Ein Herzchen in Instagram, ein blauer Daumen in Facebook – jeder freut sich über ein bisschen Zustimmung. Aber manche wollen sich gar nicht selbst freuen, sondern andere beeindrucken. Sie kaufen desalb “Likes” ein: SIe bezahlen dafür, dass andere sie mögen. WDR, NDR und Süddeutsche Zeitung haben jetzt herausgefunden, wer dafür so alles Geld ausgibt.

Es ist ein Phänomen, das schon lange bekannt ist: Likes – also der leise, dafür aber für jeden sichtbare Applaus – auf Facebook, Instagram, YouTube und Co. ist käuflich. Wenn neben dem Foto auf Instagram 100 Herzchen stehen, muss das nichts bedeuten. Vielleicht sind 80 gekauft. Oder 99. Oder 100.

Es ist Realität: Wer nicht darauf warten will, dass Heerscharen von Besuchern herbeiströmen und den “Gefällt mir”-Button anklicken oder antippen, kauft sich diesen Crowd-Jubel einfach kurzerhand ein. Es gibt diverse Agenturen, die gegen Bezahlung für einen Like-Teppich sorgen. Damit die anderen denken: Wow – er oder sie hat aber eine Menge Zustimmung. Da mach ich doch mit… Je mehr jemand investiert, desto mehr Likes gibt es.

Wer Likes will, kann sie haben – gegen Bezahlung

Kollegen von NDR, WDR und Süddeutscher Zeitung haben in Zusammenarbeit mit der Ruhr-Universität Bochum untersucht, wer von solchen Likes profitiert. Ausgewertet wurde ein umfangreicher Datensatz des nach eigenen Angaben größten Anbieters dieser Art, der Firma Paidlikes aus Magdeburg. Die Firma beauftragt in großem Stil Clickworker – und die setzen ihre Likes je nach Wunsch des Auftraggebers. Es geht um rund 90.000 Social-Media-Seiten. Darunter die Seiten von Politikern und Parteien, von Unternehmen und Influencern, Friseuren und Fitnesstrainern – allerdings kaum bekannte Namen.

Wer es nötig hat, sich Likes einzukaufen, ist zu bedauern. Aber überraschen kann es nicht: In der Welt der Sozialen Netzwerke gilt eben nur der etwas, der viele Follower hat – und möglichst viele Likes bekommt. Reichweite ist eine Ressource. Je größer sie ist, desto höher die Preise, wenn ein Influencer etwas in die Kamera hält. Kapitalismus pur. Gefakte “Gefällt mir”-Zahlen können deshalb mittelbar zum Erfolg führen – und die Investition kann sich lohnen. Das Unternehmen „Paid Likes“ sagt übrigens, die Sehnsucht nach Ruhm im Netz sei ein legales und legitimes  Geschäftsmodell.

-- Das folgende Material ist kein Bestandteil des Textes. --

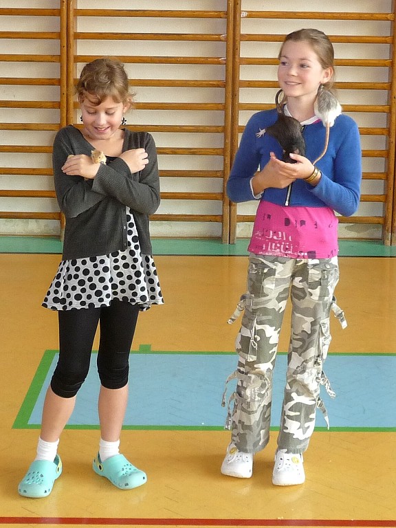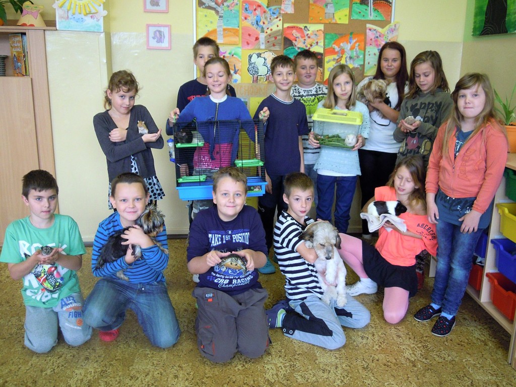 K oslavě tohoto významného dne si třídy prvního stupně uspořádaly projektový den. Děti si mohly donést do školy svého domácího mazlíčka. Sešla se nám zvířátka různých druhů … savci, ptáci, plazi, ryby …, ale i zvířátka plyšová či gumová. Do druhé třídy nám přišla Eliška ukázat svého pejska ŇUŇU a Kubík Fančo pejska Bonnyho. Lenička si donesla křečka Zuzanku od své kamarádky, za kterým se chodí mazlit. Z křeččí rodinky nám přinesl ukázat svého mazlíka Denis Otipka, o kterém nám povykládal spoustu zajímavých informací. Z jejich rodiny nám představil svého mazlíka i Daniel Král. Ze zástupců fretek navštívila naší třídu fretka Adélka od Danečka Weisse. Nikolasek Baďo přinesl v kleci zástupce ptačí říše andulky Tomáše a Pepu. Poté přišla na řadu i další zvířátka, která nejsou náročná na česání a krmení. Jejich pelíškem je postýlka : spousta plyšových zajíčků, medvídků, pejsků …. Dnešní den se nám moc líbil a zvířátka ve třídě a ve škole nám přinesla radost.
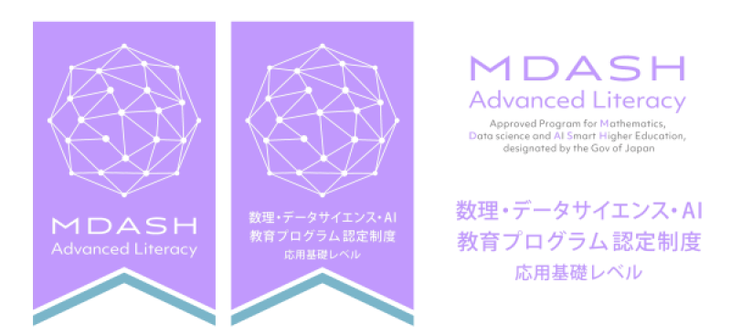 データサイエンス学環では, 文部科学省の「数理・データサイエンス・AI教育プログラム認定制度(応用基礎レベル)」の認定を受けた教育プログラムとして、応用基礎レベルの「明星大学データサイエンス学修プログラム」を設けています。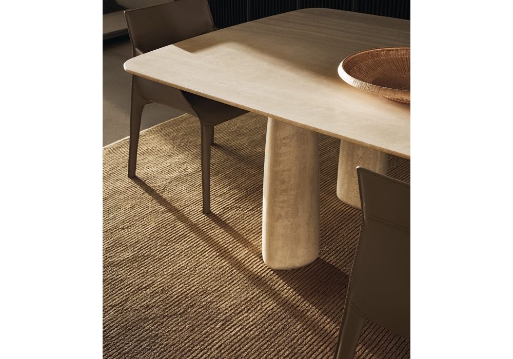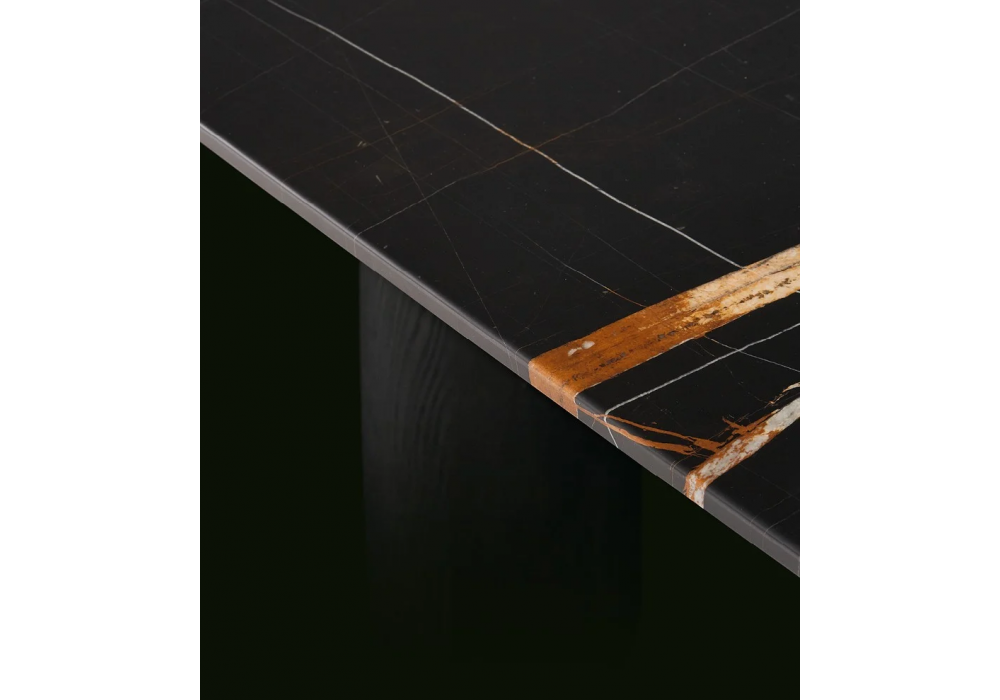 Monolith designed by Emmanuel Gallina for Poliform is a table made with legs in solid black elm or in open-pore polished travertine marble. Top in black elm, polished travertine marble or polished and polished marble. Available in different dimensions.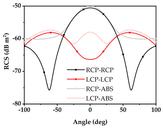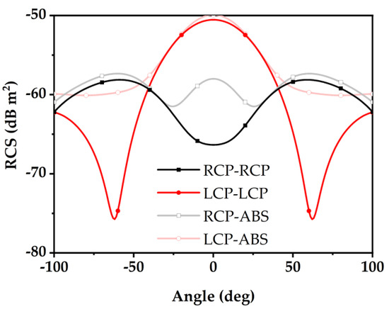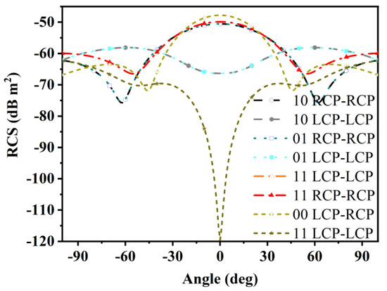 The radar cross section (RCS) pattern simulation results for tag (10) at 0.45 THz are shown in Figure 18. Under LCP incidence, the reflected energy is nearly entirely LCP, with the maximum scattering value at 0° being LCP-LCP RCS −49.9 dB·m2, a polarization conversion efficiency of 86.9%, and a 3 dB beamwidth of ±22°. Under RCP incidence, the reflected energy is predominantly scattered in the 50° direction, with an RCP-RCP RCS of −66.3 dB·m2 at 0° and a polarization conversion efficiency of 14.6%. The polarization conversion efficiency of the tag is influenced by both the element’s polarization conversion efficiency and the direct metal reflection. For RCP–RCP, the element’s polarization conversion efficiency is low, and the primary influencing factor is the coupling between the elements. The RCS radiation pattern simulation for tag (01) at 0.45 THz is shown in Figure 19. The simulation characteristics are symmetric to those of tag (10), with an error of less than 0.2 dB. The comparison of the four encoding tag reflection patterns is shown in Figure 20.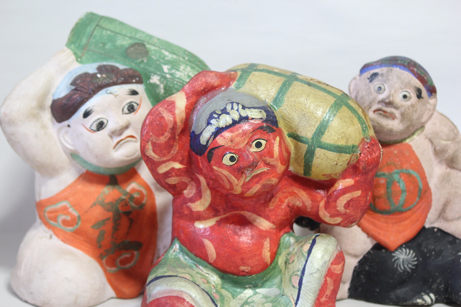 江戸時代後期、豪華な衣装をまとった武者人形や甲冑飾りが都市部の裕福な人々のものとして発展を遂げて行く一方、封建色の強い各地の農村部などでは身近にある安価な材料を用い、自給自足的に武者人形が作られました。土製のもの、反故の紙を利用した張り子製のもの、家具類製作時にでる木屑に糊を混ぜた練り物製のもの、また木製や裂製のものなど、土地土地に独特な着想で製作され、郷土の人々に歓迎されました。これらは、武者飾りが画一化する前の個性的な人形で、日本の人形史上に魅力を放っています。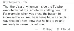 15. Die Vorstellung von dem kleinen Mann im Fernseher, der die Signale der Fernbedienung umsetzen muss, hatte ich früher auch.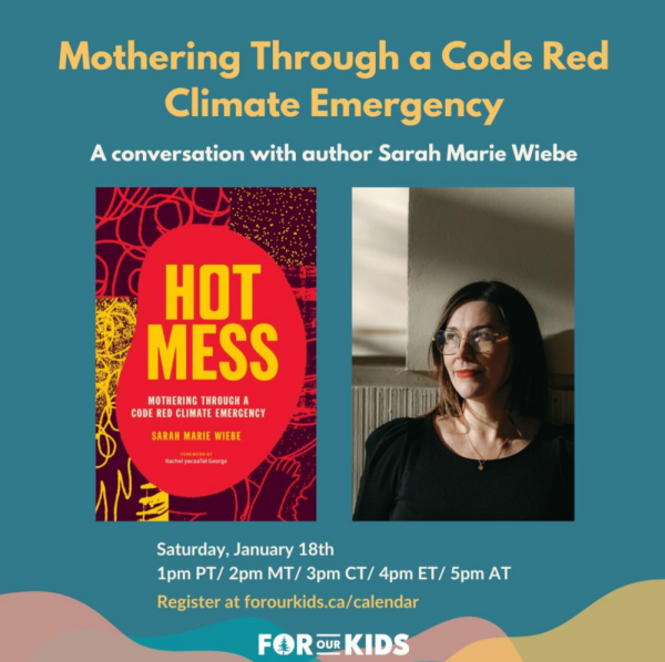 Join For Our Kids for an online conversation with author and scholar Sarah Marie Wiebe as we discuss her latest book, Hot Mess: Mothering Through a Code Red Climate Emergency.
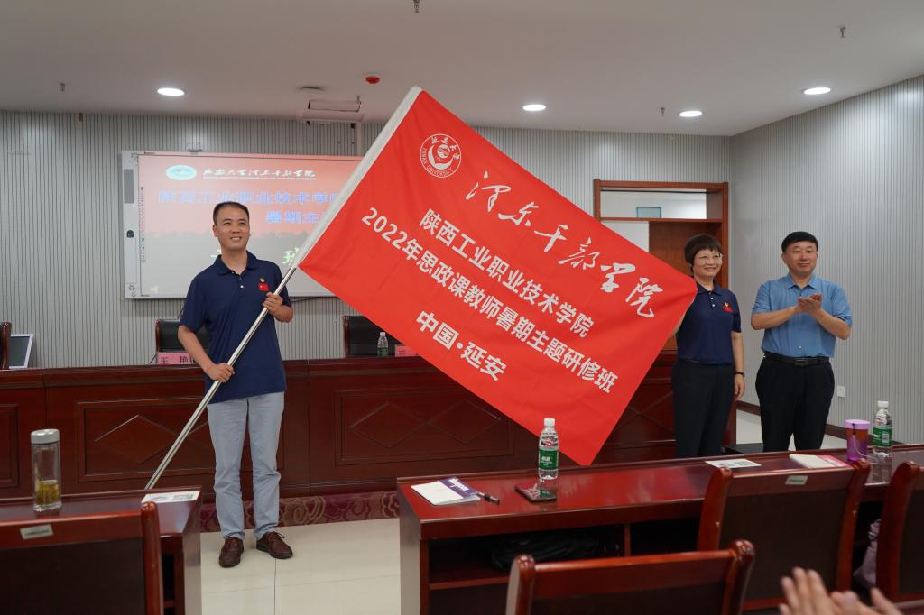 最后,拓宏伟教授宣布陕西工业职业技术学院马克思主义学院2022年思政课教师暑期主题研修班开班,并为培训班授旗。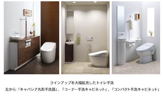 LIXIL(東京都千代田区)は2月1日、新しいタンクレストイレ「サティス」の発売に合わせ、デザイン性を向上したトイレ用手洗い3タイプ(「キャパシア」「コーナー手洗キャビネット」「コンパクト手洗キャビネット」)をリニューアルして発売する。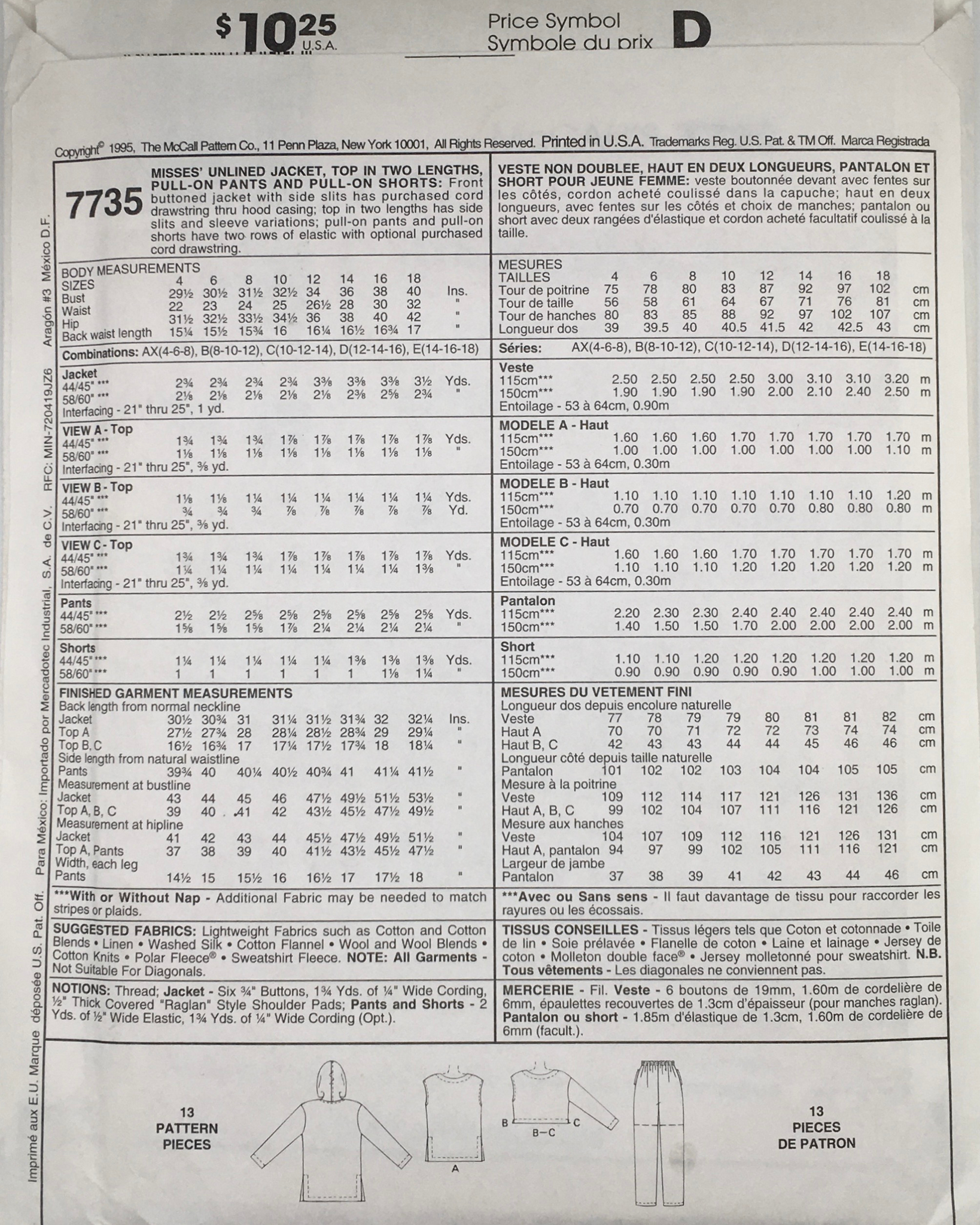 Misses' Unlined Jacket, Top (Two Lengths), Pull-On Pants, and Shorts: This pattern offers a front-buttoned jacket featuring side splits with a convenient cord drawstring through the hood casing. The tops come in two different lengths, both featuring side slits and sleeve variations. Additionally, there are pull-on pants and shorts designed for comfort, featuring double rows of elastic and an optional purchased drawstring. ©1995.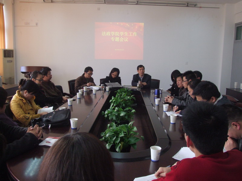 12月14日下午,法政公司召开员工工作专题会议。党总支书记蔡克骄主持会议,副书记严玲红、各班班主任、员工科全体成员参加会议。
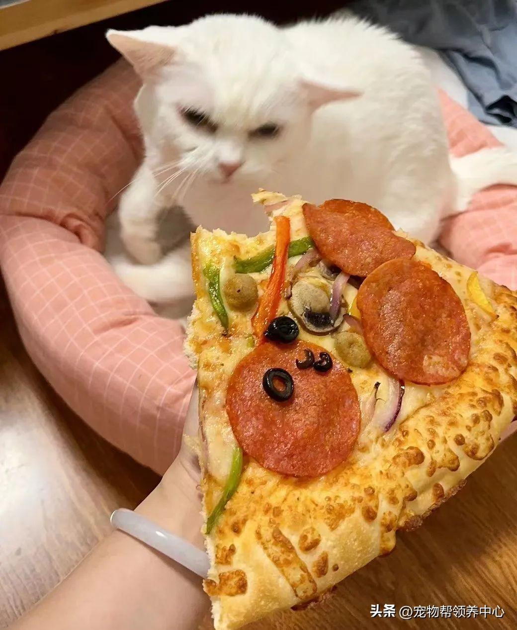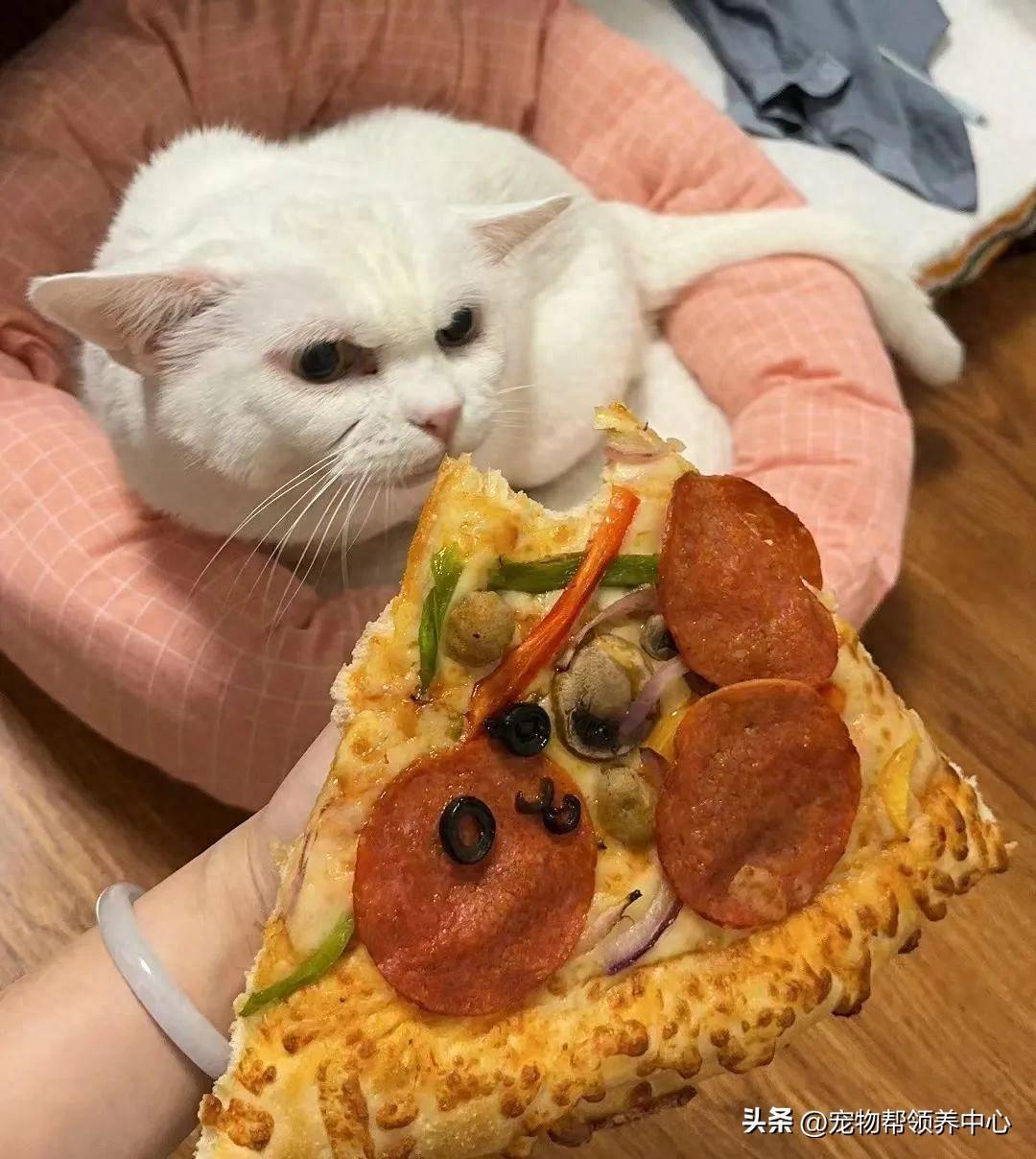 網友@兇猛小虎哥 給自己準備了披薩夜宵,因爲一個人喫太過無聊,他便拿到貓咪面前炫耀。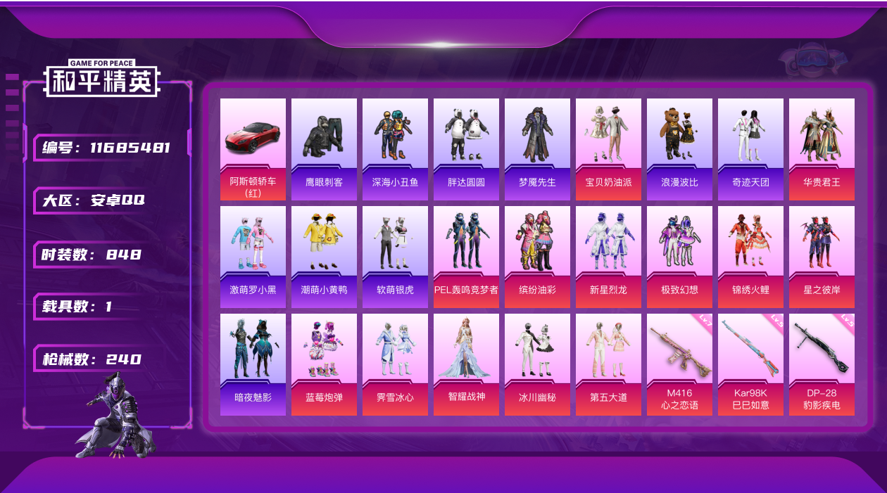 - PX_2102184- 安卓手Q-4王牌印记-10粉装-5特效枪-1载具-67134热力值-149套装-182枪皮-1卓越印记-0传奇印记 【10粉装】,梦幻火箭,宝贝奶油派,天使彩虹糖,第五大道,深海曼妙,寒光使者,妙趣可丽,萨利娅,旋转彩虹,冰霜白皇 【5特效枪】SCAR-L-青春物语-7级 GROZA-镜光银凌-5级 AUG-暖羊咩咩-5级 Kar98K-巳巳如意-5级 Mk14-盛世惊鸿-

Ab zu TikTok: Hier werden jetzt Likes gesammelt

Die Recherche zeigt: Dem Daumen nach oben bei Facebook oder dem Herzchen bei Instagram ist einfach nicht immer zu trauen. Neu ist diese Erkenntnis nicht – aber wichtig, sie bis in den letzten dunklen Winkel zu verteilen. Denn je mehr Menschen darum wissen, desto geringer ist das Risiko, dass Unternehmen, die Heerscharen von Anklick-Sklaven beschäftigen, weiterhin beauftragt werden, die “Gefällt mir”-Statistiken zu schönen.

Was die Menschen nicht alles anstellen, nur um Klick-Applaus zu bekommen, kann man derzeit besonders gut auf TikTok beobachten. Das neueste Netz-Phänomen: Die Nutzerzahlen explodieren hier aktuell. Vielleicht, weil auf Instagram teilweise schon keine Like-Zahlen mehr angezeigt werden. Instagram testet, wie es ankommt, wenn die Herzchen für die Allgemeinheit unsichtbar sind.

Gefällt keineswegs allen. Viele Menschen sind eben süchtig nach dieser fragwürdigen Art der Anerkennung.